**Task objective:** Each line of the data below between the one containing "3、高度集成化:集成驾驶室配" and the one containing "Vän 1972-08-Ö3 ////", both included, is to be repeated exactly. Please omit pictures.

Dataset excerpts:
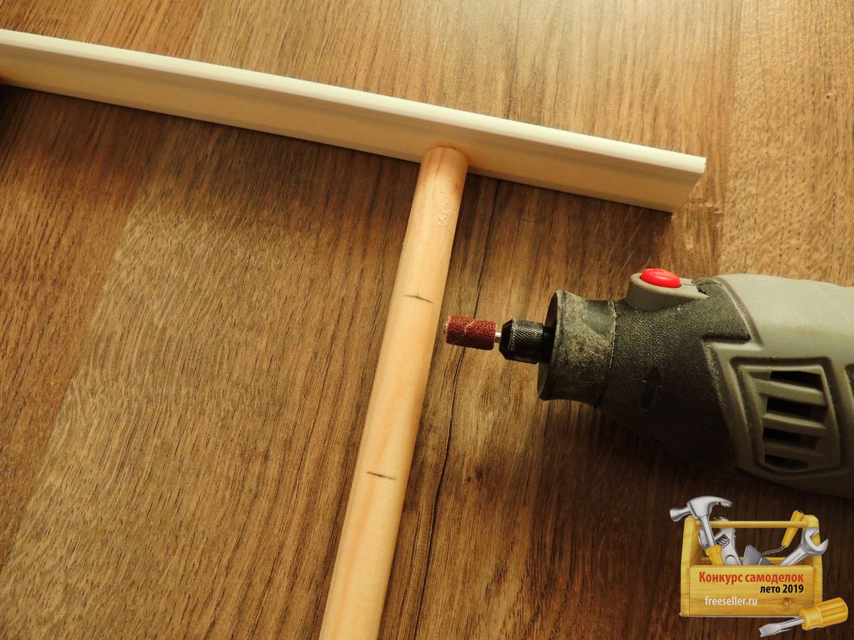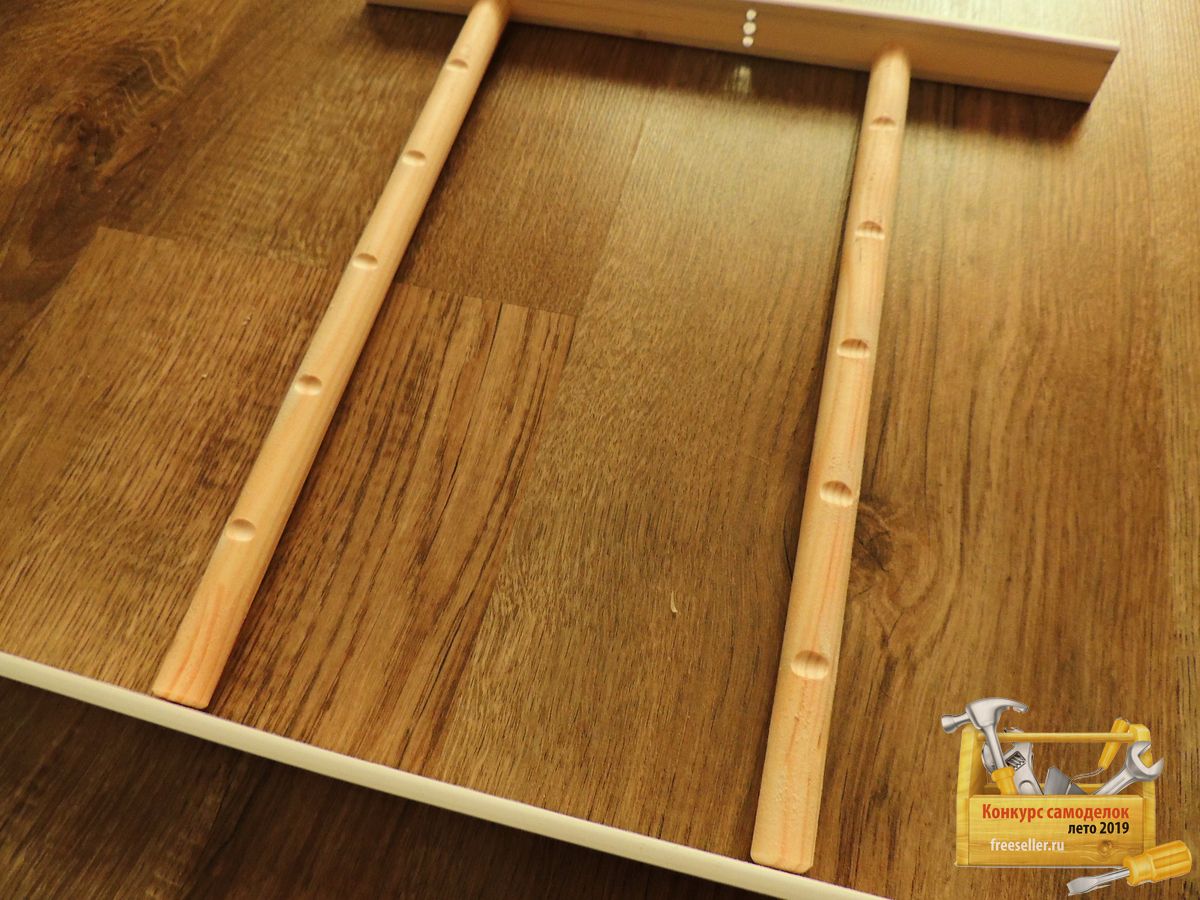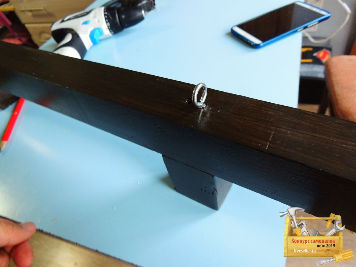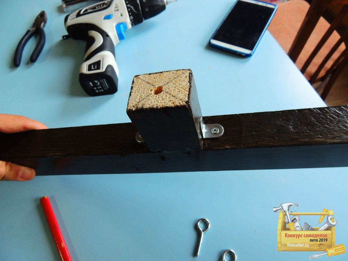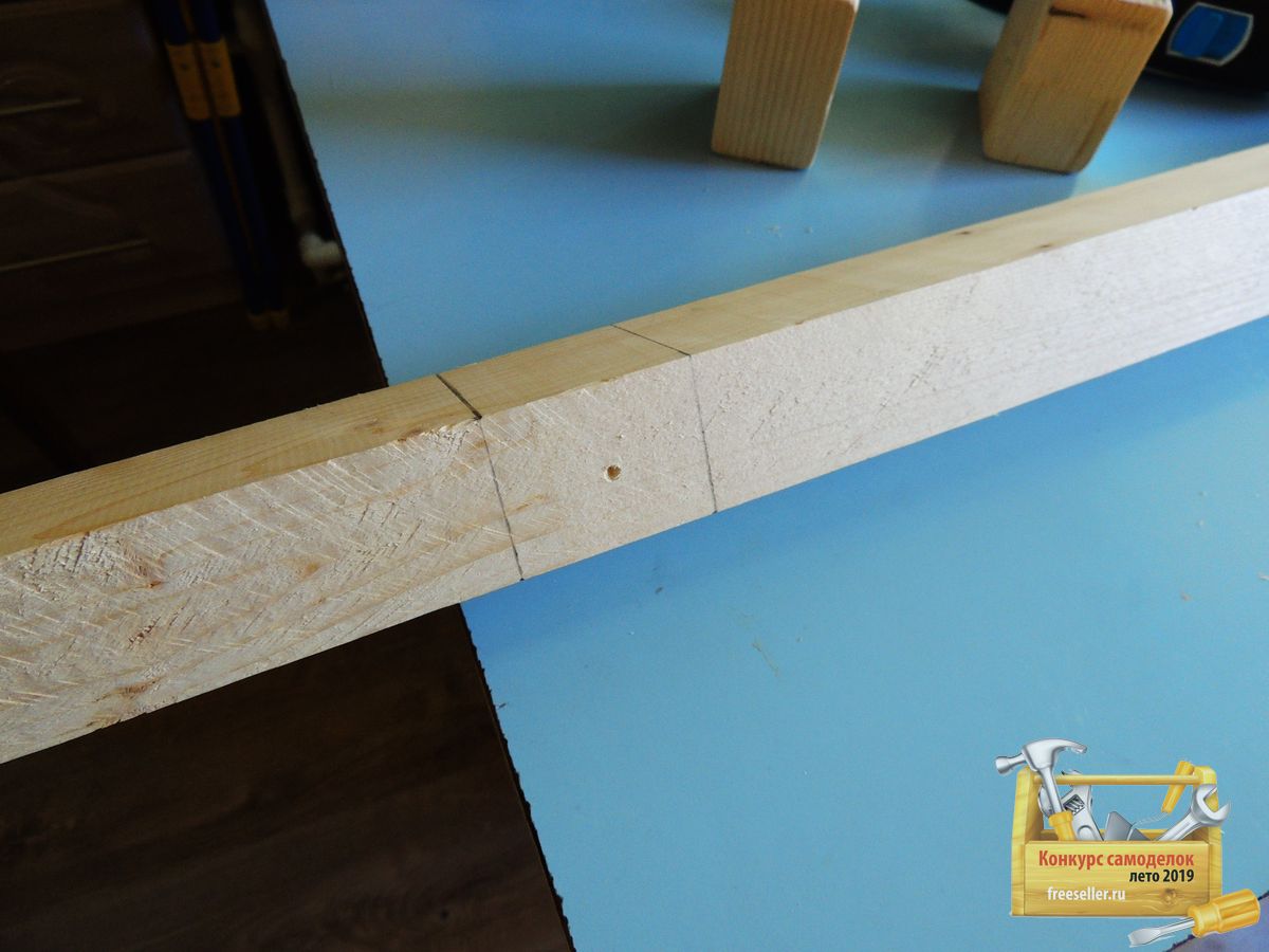 Далее через отверстие сделал метку на длинном брусе и просверлил отверстие.
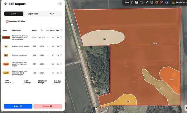 Soil Type: Predominantly Adrian Muck, drained, lake-moderated
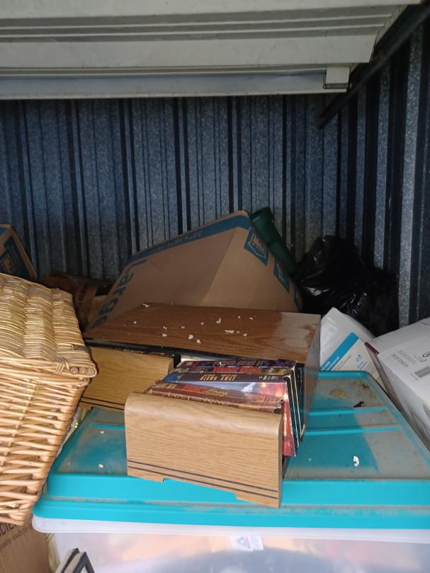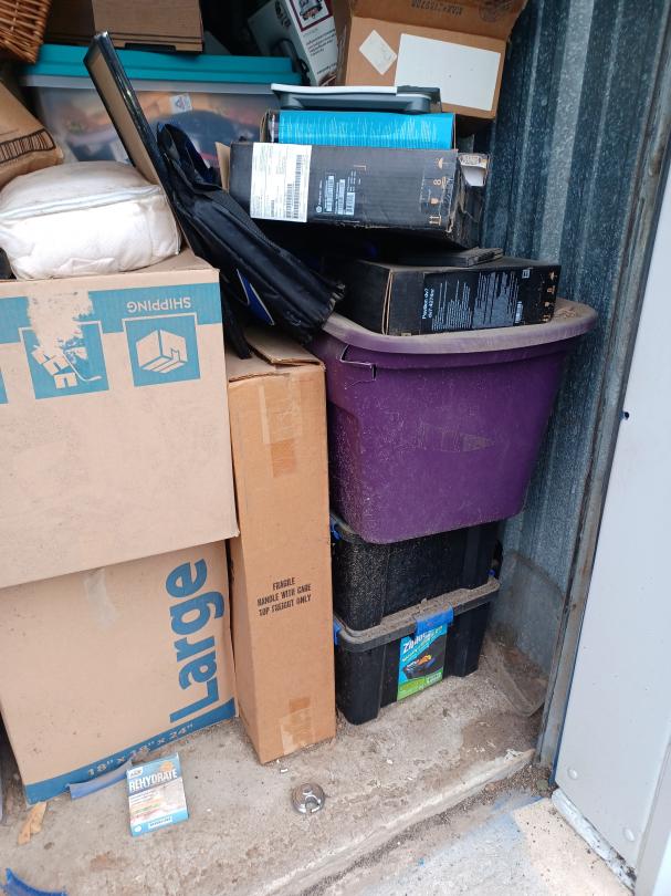 This unit appears to contain…Totes, boxes, dishes, bedding, clothes, rug, Christmas decor, pictures, DVD's
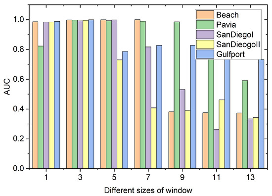 In this part, the running time of different detection schemes on all datasets is discussed. Table 4 presents the computational cost of all detection schemes. It is shown that the RX detector performs the fastest. The reason is that this method only requires a simple distance calculation; however, the RX method produces a relatively poor detection result. The computational burden of the RGAE scheme is the highest among all the studied techniques since the autoencoders require a plentiful amount of iterations during the training process. By contrast, the running time of the proposed SSIF is quite competitive among all the studied techniques. Furthermore, as the spatial size increases, the computational cost tends to increase. How to decrease the computing time is still an interesting topic.
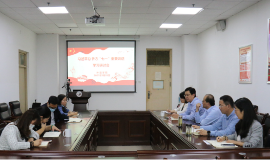 讲座后,外语学院组织召开学习研讨会,李涛副教授及学院行政党支部全体党员及教师代表参加研讨,研讨会由庞亚宾主持。
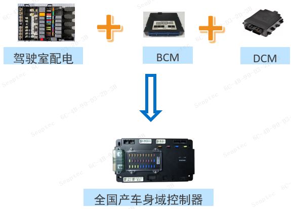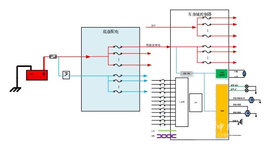 3、高度集成化:集成驾驶室配电、BCM(车身控制器)、DCM(门窗控制器)功能,并集成遥控钥匙接收器。
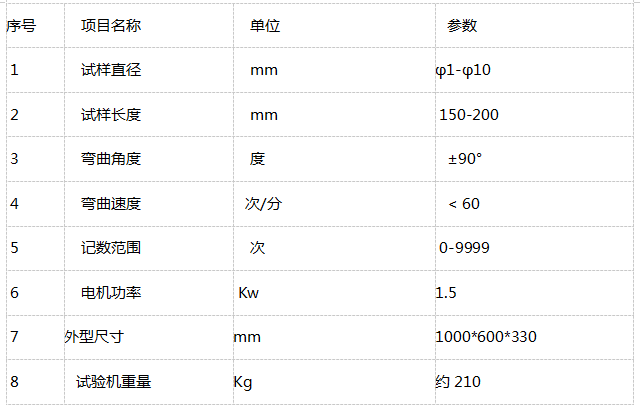 JWJ-10電動金屬線材反復(fù)彎曲試驗(yàn)機(jī)的主要參數(shù)符合GB/T238-2013《金屬材料線材反復(fù)彎曲試驗(yàn)方法》中有關(guān)規(guī)定,廣泛應(yīng)用于鋼絲廠、預(yù)應(yīng)力鋼絲廠、建工建材、公路交通、廠礦企業(yè)、科研院所、質(zhì)檢單位檢驗(yàn)鋼絲、鋼筋等金屬線材的彎曲性能。
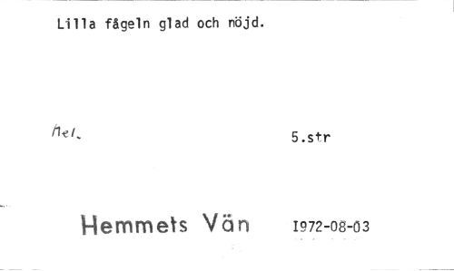//// Lilla fågeln glad och nöjd. //// hei, 5.str //// Hemmets Vän 1972-08-Ö3 ////
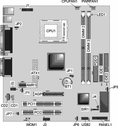 This mainboard uses the VIA VT8363 chipset which provides a 4X AGP slot for highly graphics display, CPU Plug & Play through firmware. The mainboard has a built-in AC97 Codec, provides an AMR (Audio Modem Riser) slot to support Audio and Modem application, and has a built-in 10BaseT/100BaseTX Network Interface. In addition, the mainboard has an extended set of ATX I/O Ports including PS/2 keyboard and mouse ports, two USB ports, an RJ-45 LAN port, a parallel port, and two serial ports. Two 19119k102t extra USB ports can be added using the Extended USB Module that connects to the mainboard.
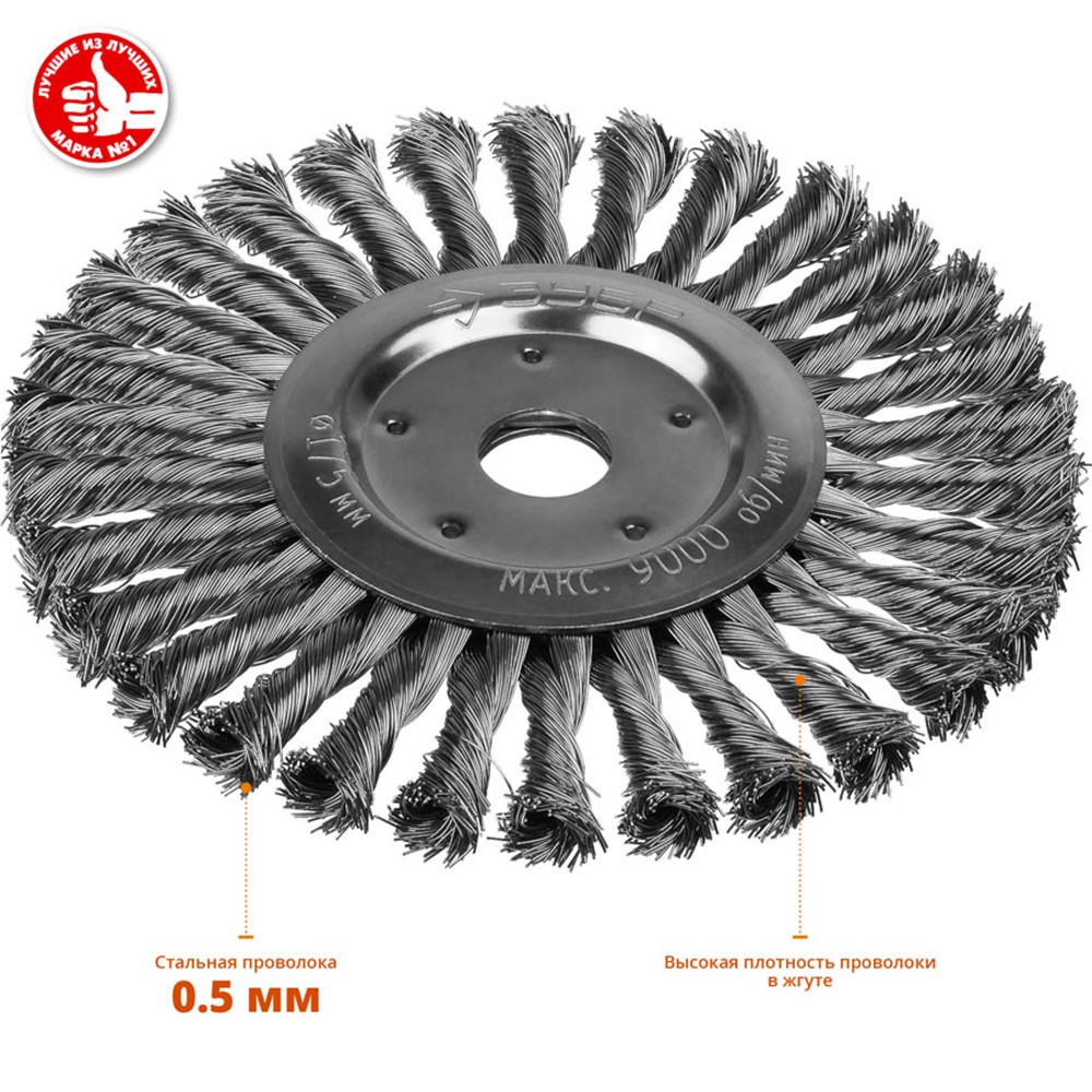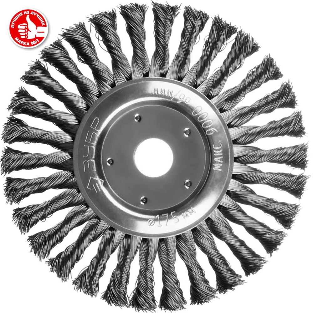 Щетка крацовка дисковая для УШМ ЗУБР 35190-175_z02, предназначена для зачистки поверхностей в труднодоступных местах от лакокрасочных покрытий, ржавчины, окалины, различных загрязнений с применением значительных усилий, а также для зачистки сварных швов. Щетка изготовлена из стальной жгутированной проволоки. Благодаря еще более высокой жесткости сплетенного пучка и увеличенной толщине проволоки щетка обладает повышенным ресурсом.

**Exercise result:**
 3、高度集成化:集成驾驶室配电、BCM(车身控制器)、DCM(门窗控制器)功能,并集成遥控钥匙接收器。
 JWJ-10電動金屬線材反復(fù)彎曲試驗(yàn)機(jī)的主要參數(shù)符合GB/T238-2013《金屬材料線材反復(fù)彎曲試驗(yàn)方法》中有關(guān)規(guī)定,廣泛應(yīng)用于鋼絲廠、預(yù)應(yīng)力鋼絲廠、建工建材、公路交通、廠礦企業(yè)、科研院所、質(zhì)檢單位檢驗(yàn)鋼絲、鋼筋等金屬線材的彎曲性能。
//// Lilla fågeln glad och nöjd. //// hei, 5.str //// Hemmets Vän 1972-08-Ö3 ////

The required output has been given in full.